For this exercise, output the entries below exactly from the line that holds "Valencia объединяет пышные" to the line that holds "Pants: Forever21; coat: Rinascimento;", both ends included. No pictures belong in the copy.

Records excerpted from a collection
□ □ □ □ □ □ □
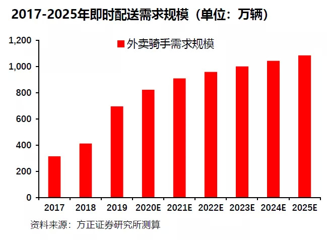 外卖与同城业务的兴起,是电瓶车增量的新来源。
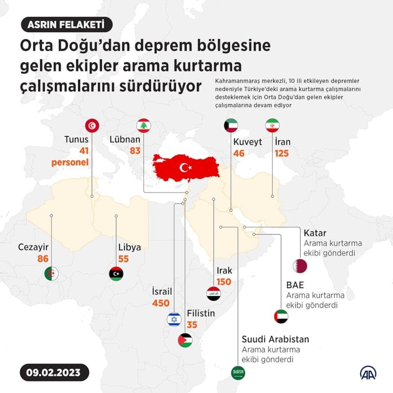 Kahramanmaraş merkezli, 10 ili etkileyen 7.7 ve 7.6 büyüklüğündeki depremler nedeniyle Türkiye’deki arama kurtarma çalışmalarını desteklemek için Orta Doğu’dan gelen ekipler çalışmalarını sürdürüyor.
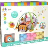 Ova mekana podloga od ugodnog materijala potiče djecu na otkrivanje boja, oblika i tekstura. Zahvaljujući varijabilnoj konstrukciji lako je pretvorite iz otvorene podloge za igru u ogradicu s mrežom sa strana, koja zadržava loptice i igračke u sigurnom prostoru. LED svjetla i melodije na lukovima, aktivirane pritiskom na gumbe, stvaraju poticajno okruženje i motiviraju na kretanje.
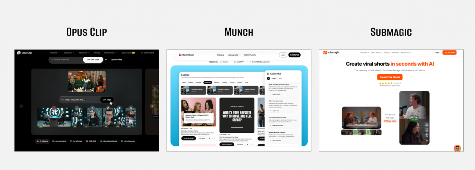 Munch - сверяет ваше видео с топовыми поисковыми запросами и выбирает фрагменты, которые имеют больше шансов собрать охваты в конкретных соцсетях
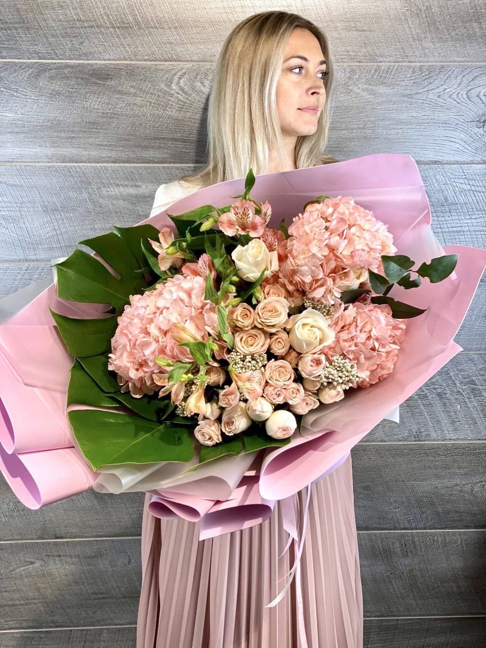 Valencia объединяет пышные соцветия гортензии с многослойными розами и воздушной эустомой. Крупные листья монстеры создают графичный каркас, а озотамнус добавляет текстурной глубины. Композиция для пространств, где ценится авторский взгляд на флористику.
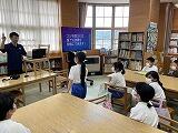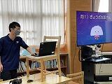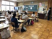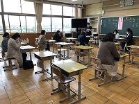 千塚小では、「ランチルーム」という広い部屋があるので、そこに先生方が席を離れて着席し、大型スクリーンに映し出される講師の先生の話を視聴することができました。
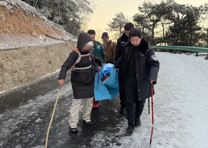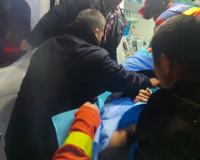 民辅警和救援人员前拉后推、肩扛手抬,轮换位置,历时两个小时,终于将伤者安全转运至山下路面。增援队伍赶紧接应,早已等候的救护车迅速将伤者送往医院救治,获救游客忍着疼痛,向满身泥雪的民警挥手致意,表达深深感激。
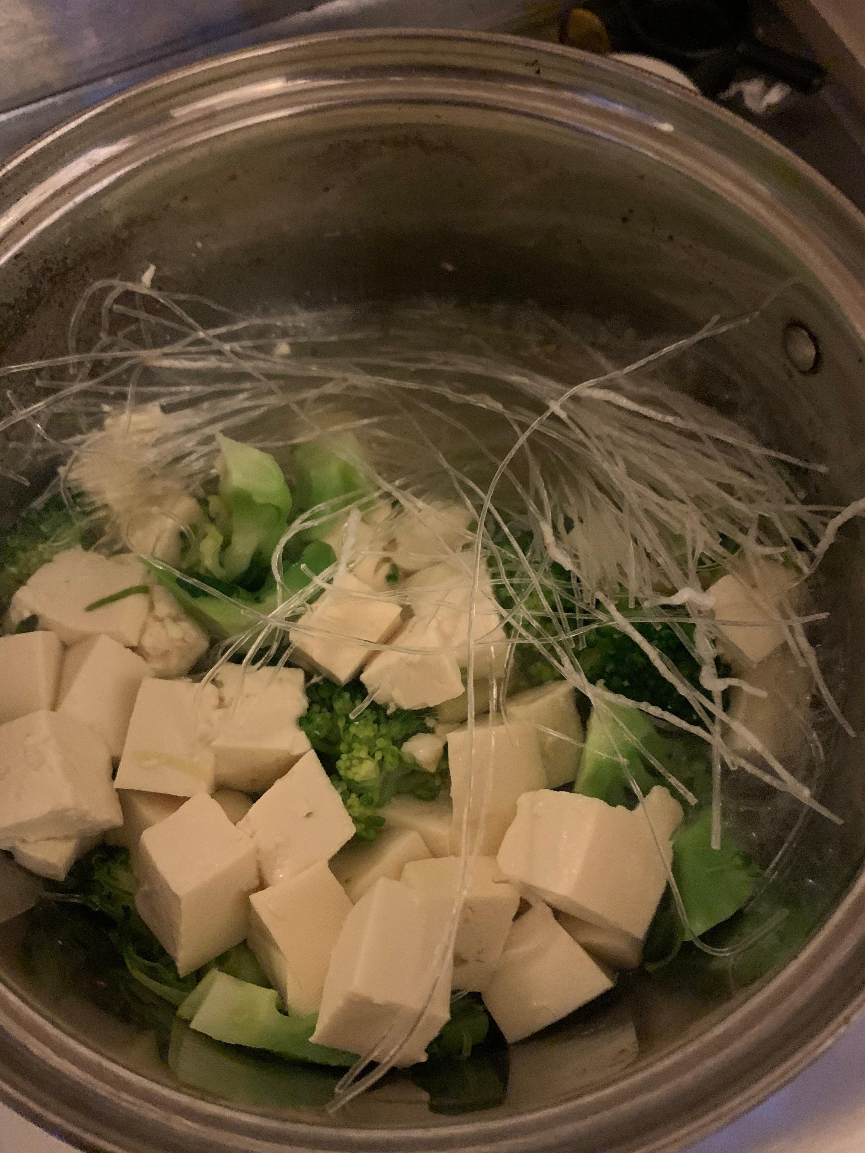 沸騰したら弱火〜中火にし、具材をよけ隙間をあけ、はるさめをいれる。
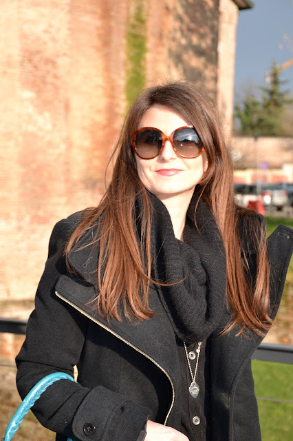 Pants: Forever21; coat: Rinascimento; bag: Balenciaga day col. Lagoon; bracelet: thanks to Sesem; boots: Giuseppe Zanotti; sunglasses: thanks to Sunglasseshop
□ □ □ □ □ □ □
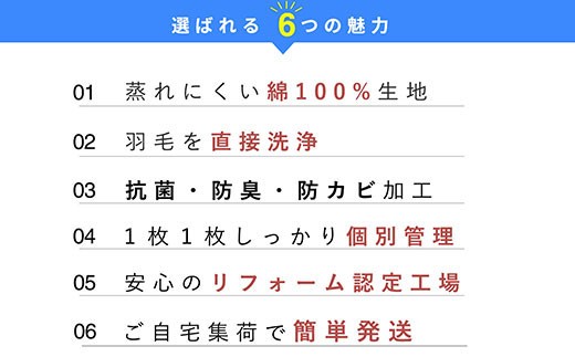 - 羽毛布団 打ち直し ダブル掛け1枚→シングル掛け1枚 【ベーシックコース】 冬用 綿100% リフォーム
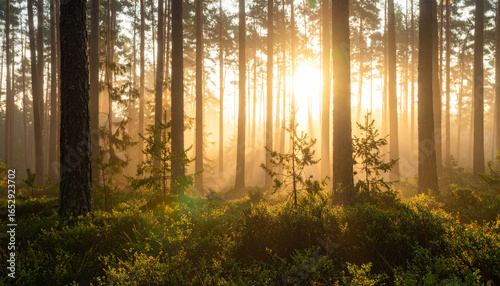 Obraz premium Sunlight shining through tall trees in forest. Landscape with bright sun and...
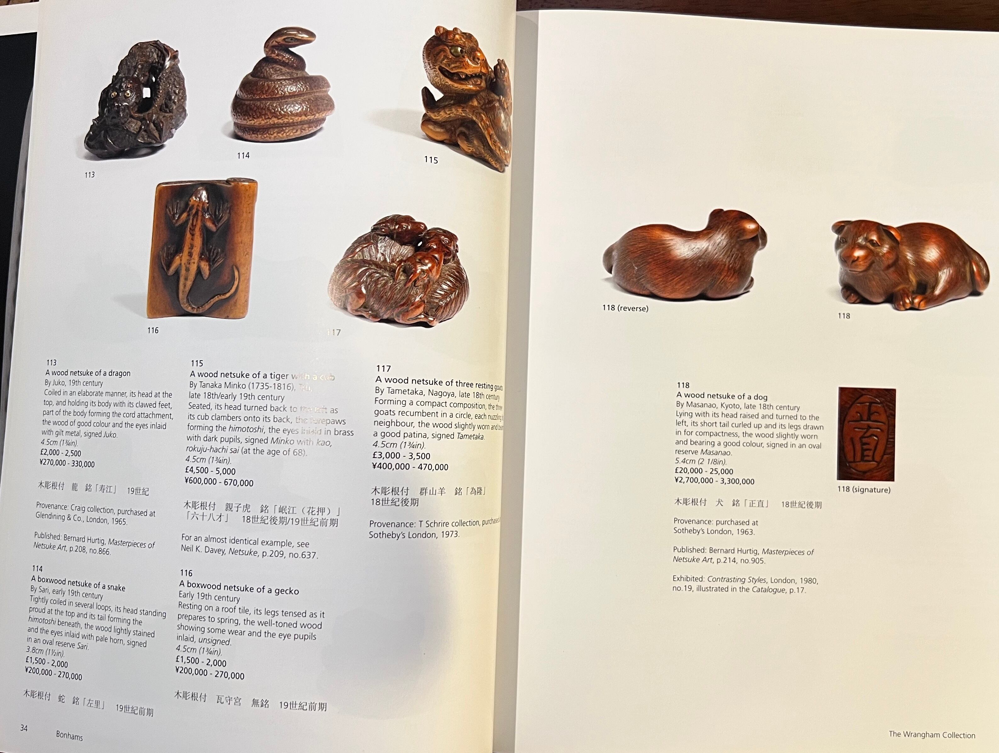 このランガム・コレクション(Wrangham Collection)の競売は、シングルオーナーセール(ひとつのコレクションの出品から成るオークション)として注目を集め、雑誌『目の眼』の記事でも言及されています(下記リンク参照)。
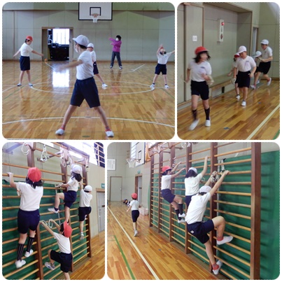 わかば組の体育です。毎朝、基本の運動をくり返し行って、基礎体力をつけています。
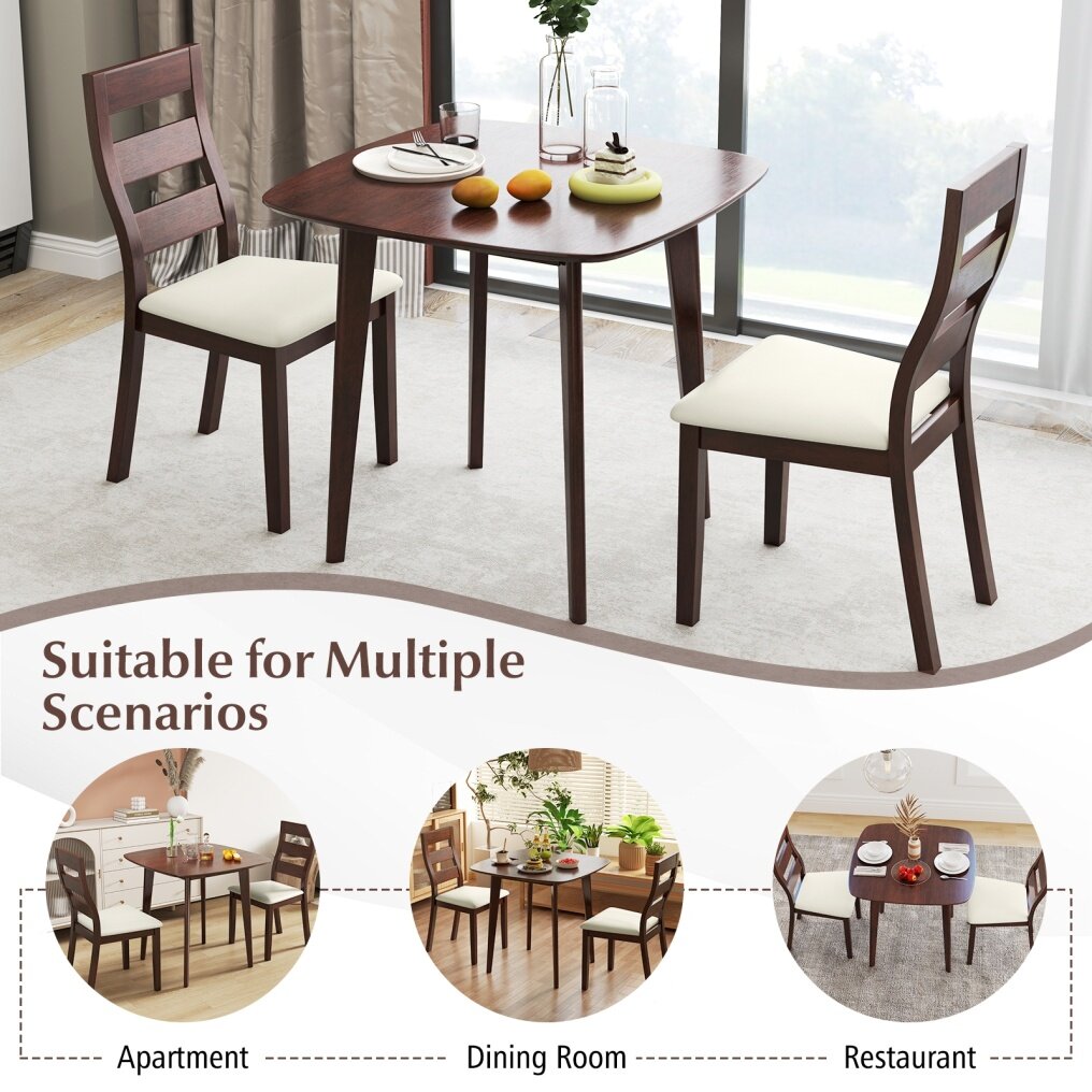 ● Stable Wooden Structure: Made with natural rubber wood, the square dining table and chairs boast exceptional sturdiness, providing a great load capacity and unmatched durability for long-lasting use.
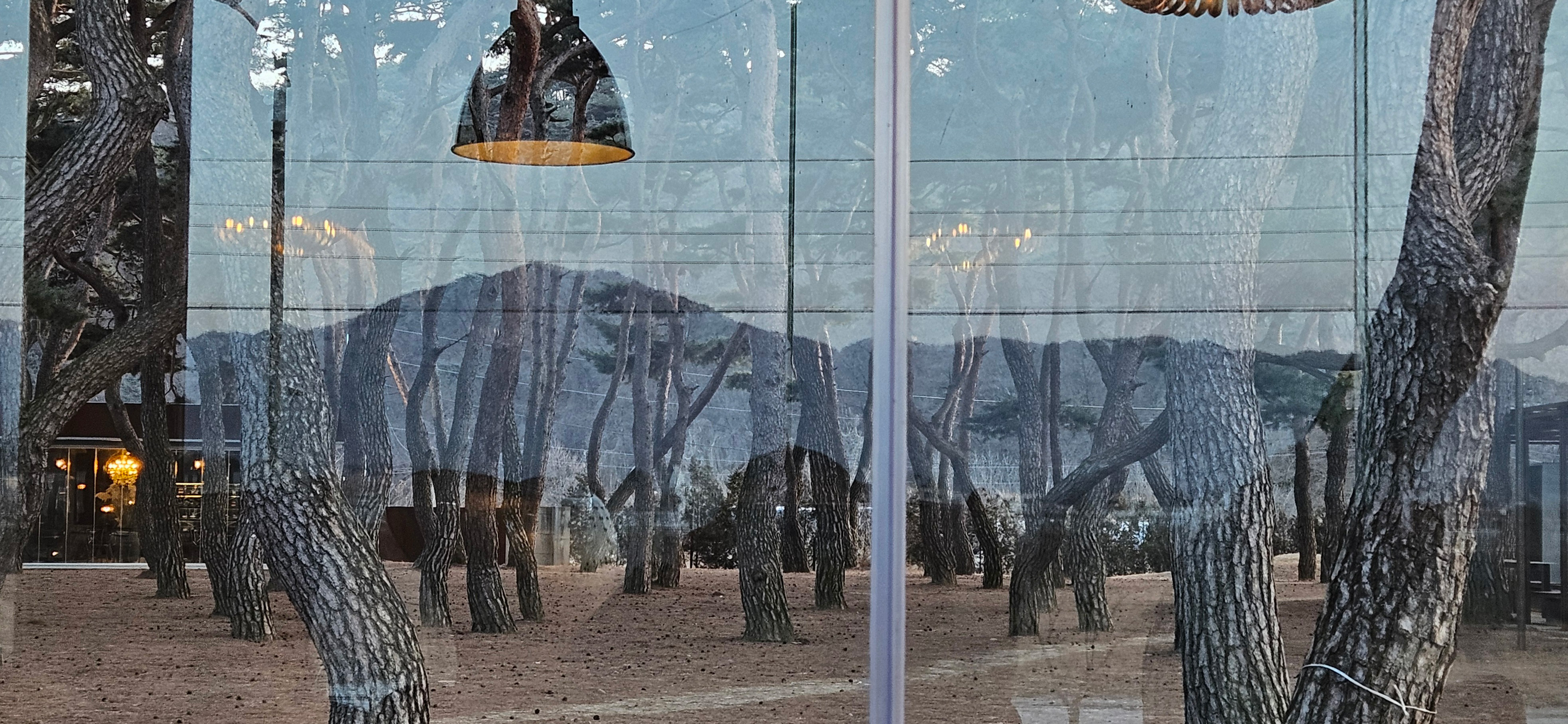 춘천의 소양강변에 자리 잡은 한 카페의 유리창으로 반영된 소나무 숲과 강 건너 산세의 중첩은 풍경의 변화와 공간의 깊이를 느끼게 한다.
□ □ □ □ □ □ □
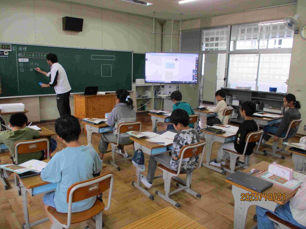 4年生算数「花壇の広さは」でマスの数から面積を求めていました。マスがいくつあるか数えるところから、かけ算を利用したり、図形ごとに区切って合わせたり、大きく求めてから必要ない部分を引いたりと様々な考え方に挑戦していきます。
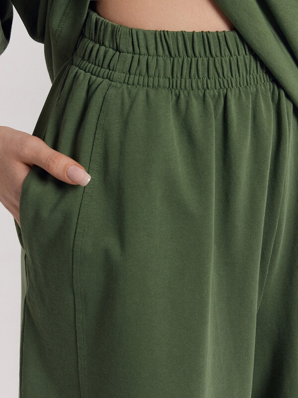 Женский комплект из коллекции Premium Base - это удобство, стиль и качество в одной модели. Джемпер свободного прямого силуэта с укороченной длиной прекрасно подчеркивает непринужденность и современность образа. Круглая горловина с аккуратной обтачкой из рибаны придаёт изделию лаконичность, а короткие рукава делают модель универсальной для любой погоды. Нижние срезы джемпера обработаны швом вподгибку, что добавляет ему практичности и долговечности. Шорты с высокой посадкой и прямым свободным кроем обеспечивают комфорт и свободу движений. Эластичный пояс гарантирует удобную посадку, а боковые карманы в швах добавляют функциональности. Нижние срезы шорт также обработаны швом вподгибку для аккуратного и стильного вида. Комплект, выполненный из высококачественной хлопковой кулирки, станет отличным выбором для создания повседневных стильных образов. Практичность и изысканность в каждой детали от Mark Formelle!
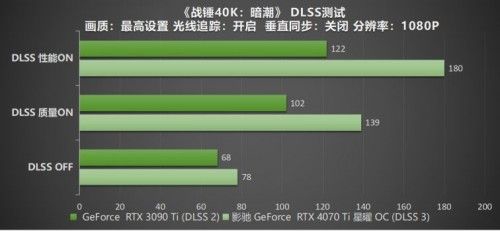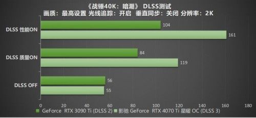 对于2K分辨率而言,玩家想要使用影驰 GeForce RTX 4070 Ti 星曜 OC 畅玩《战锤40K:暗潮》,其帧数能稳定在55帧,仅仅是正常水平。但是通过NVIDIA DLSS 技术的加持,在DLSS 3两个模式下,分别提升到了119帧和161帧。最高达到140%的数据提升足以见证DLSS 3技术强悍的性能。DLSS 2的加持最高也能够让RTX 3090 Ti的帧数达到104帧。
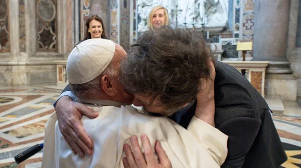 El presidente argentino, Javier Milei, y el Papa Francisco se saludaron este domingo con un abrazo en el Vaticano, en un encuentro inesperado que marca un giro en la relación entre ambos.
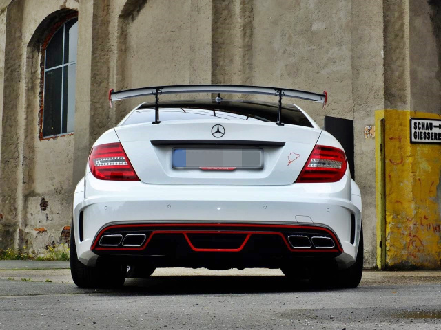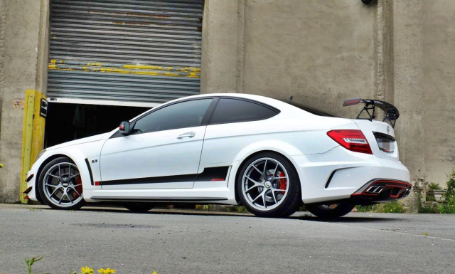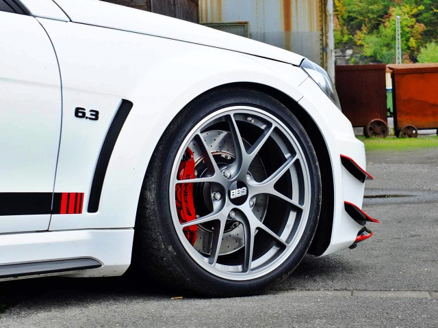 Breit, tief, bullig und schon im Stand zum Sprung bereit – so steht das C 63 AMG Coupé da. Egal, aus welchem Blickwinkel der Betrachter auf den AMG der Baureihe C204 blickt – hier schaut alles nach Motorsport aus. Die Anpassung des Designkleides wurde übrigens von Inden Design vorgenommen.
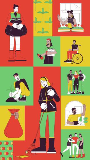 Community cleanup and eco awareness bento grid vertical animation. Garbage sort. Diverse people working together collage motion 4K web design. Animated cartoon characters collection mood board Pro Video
□ □ □ □ □ □ □
■ **ANSWER BELOW**:
 Valencia объединяет пышные соцветия гортензии с многослойными розами и воздушной эустомой. Крупные листья монстеры создают графичный каркас, а озотамнус добавляет текстурной глубины. Композиция для пространств, где ценится авторский взгляд на флористику.
 千塚小では、「ランチルーム」という広い部屋があるので、そこに先生方が席を離れて着席し、大型スクリーンに映し出される講師の先生の話を視聴することができました。
 民辅警和救援人员前拉后推、肩扛手抬,轮换位置,历时两个小时,终于将伤者安全转运至山下路面。增援队伍赶紧接应,早已等候的救护车迅速将伤者送往医院救治,获救游客忍着疼痛,向满身泥雪的民警挥手致意,表达深深感激。
 沸騰したら弱火〜中火にし、具材をよけ隙間をあけ、はるさめをいれる。
 Pants: Forever21; coat: Rinascimento; bag: Balenciaga day col. Lagoon; bracelet: thanks to Sesem; boots: Giuseppe Zanotti; sunglasses: thanks to Sunglasseshop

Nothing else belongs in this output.